Work item: Your task is to copy the listing exactly, with the pictures left out.

Stored data:
== == ==

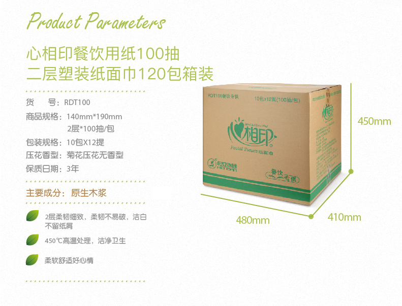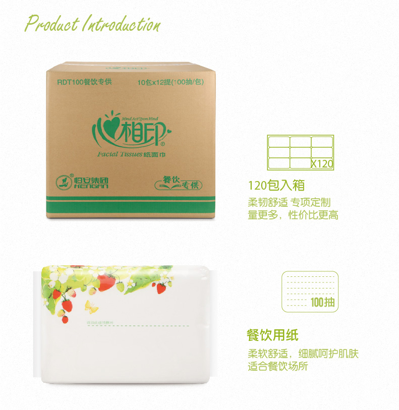 - 心相印抽纸 RDT100双层印花面巾纸120包酒店餐饮商务餐巾纸卫生纸
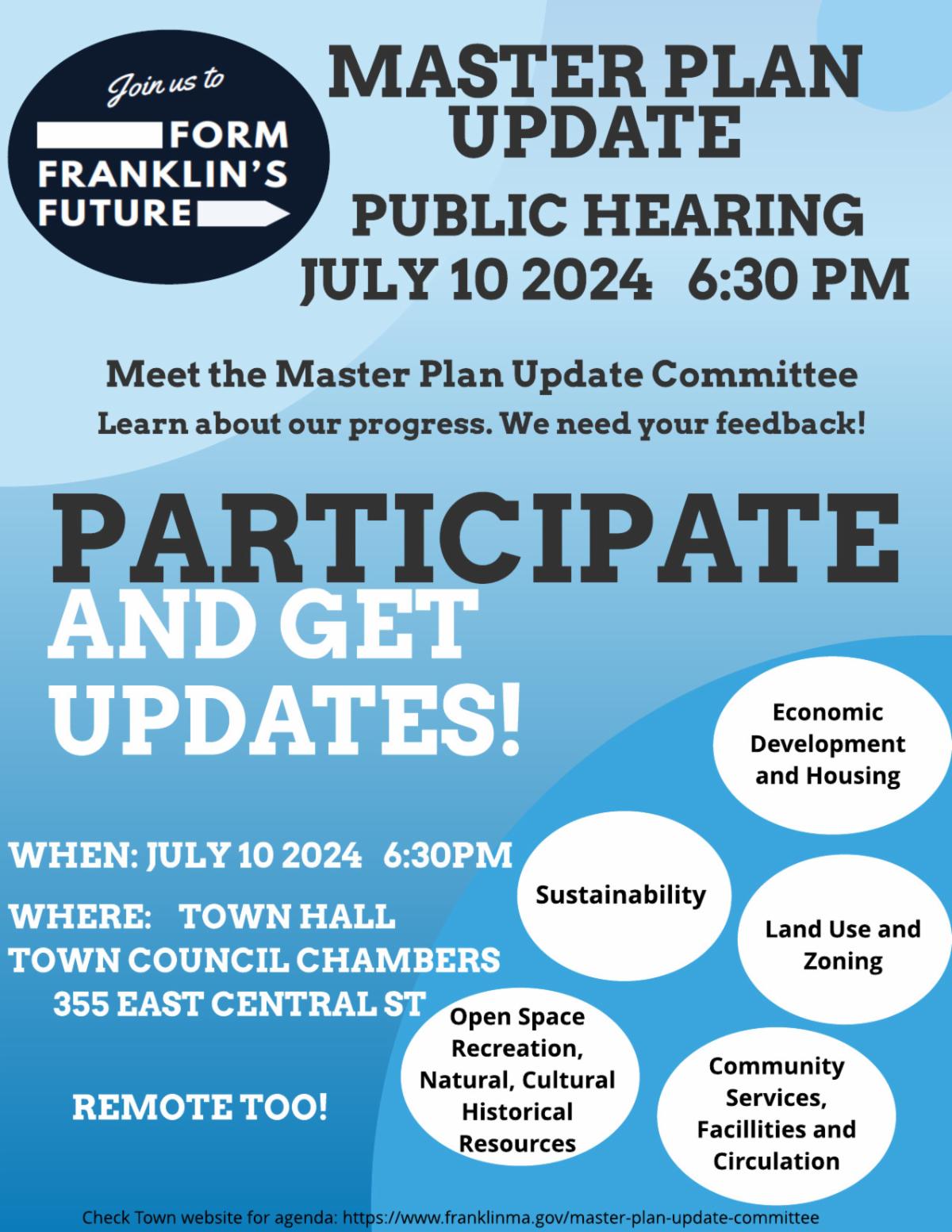 Wednesday, July 10, 6:30pm, Master Plan Update Committee Public Hearing. Status update with an opportunity for public input on the plan's goals and objectives. View in Town Council chambers or remotely through Cable Access TV, Zoom or streaming on YouTube. The Franklin Municipal Building is located at 355 E. Central Street. Select Master Plan for more information. Council chambers are on the 2nd floor.
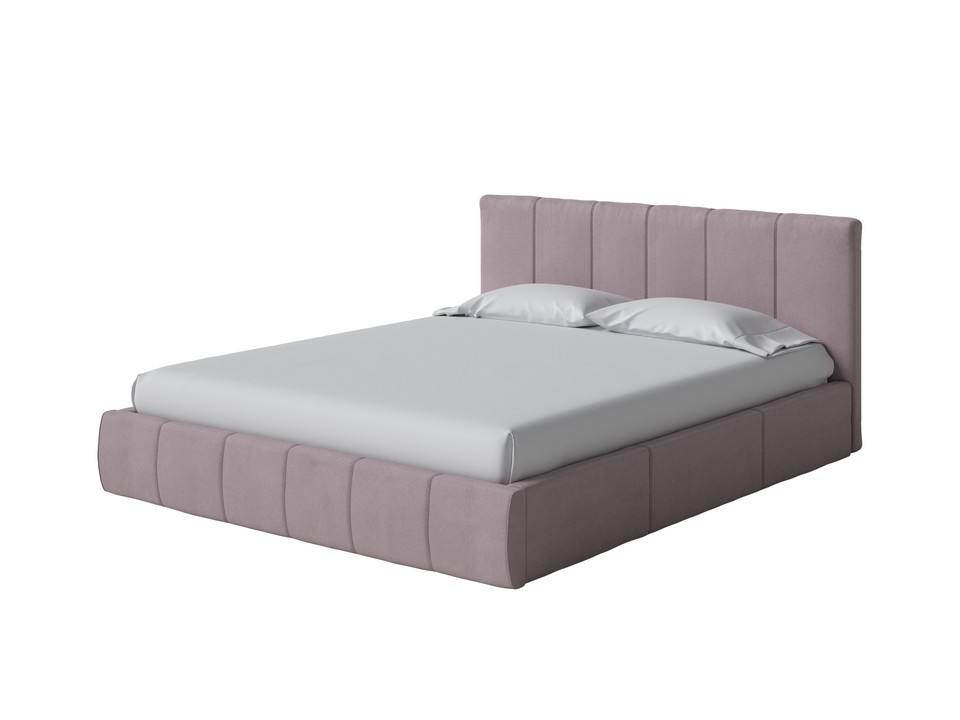 Кровать выполнена в современном дизайне: округлые царги и высокое изголовье с геометричной вертикальной стёжкой.
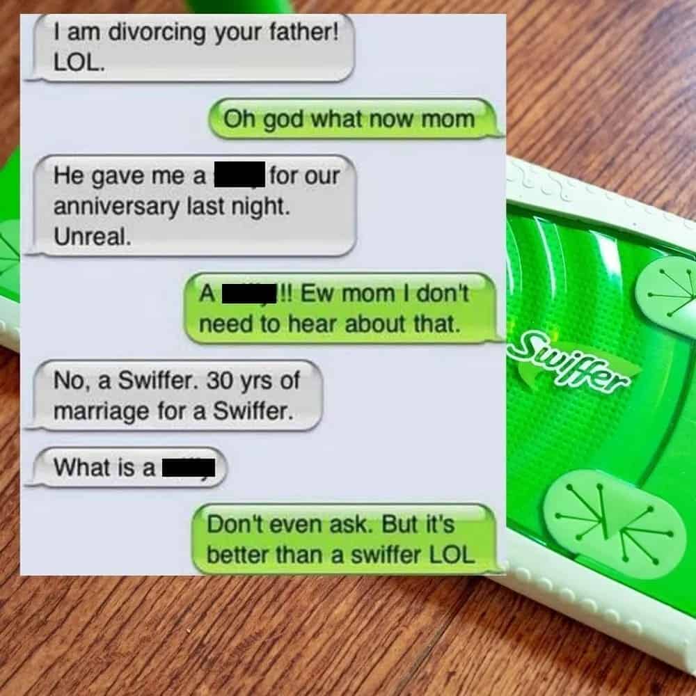 After all, no one, regardless of their age, wants to hear about their parents’ intimate lives. Furthermore, receiving a Swiffer as an anniversary gift is humorously inappropriate and bewildering.

== == ==

Solution to this problem:
 - 心相印抽纸 RDT100双层印花面巾纸120包酒店餐饮商务餐巾纸卫生纸
 Wednesday, July 10, 6:30pm, Master Plan Update Committee Public Hearing. Status update with an opportunity for public input on the plan's goals and objectives. View in Town Council chambers or remotely through Cable Access TV, Zoom or streaming on YouTube. The Franklin Municipal Building is located at 355 E. Central Street. Select Master Plan for more information. Council chambers are on the 2nd floor.
 Кровать выполнена в современном дизайне: округлые царги и высокое изголовье с геометричной вертикальной стёжкой.
 After all, no one, regardless of their age, wants to hear about their parents’ intimate lives. Furthermore, receiving a Swiffer as an anniversary gift is humorously inappropriate and bewildering.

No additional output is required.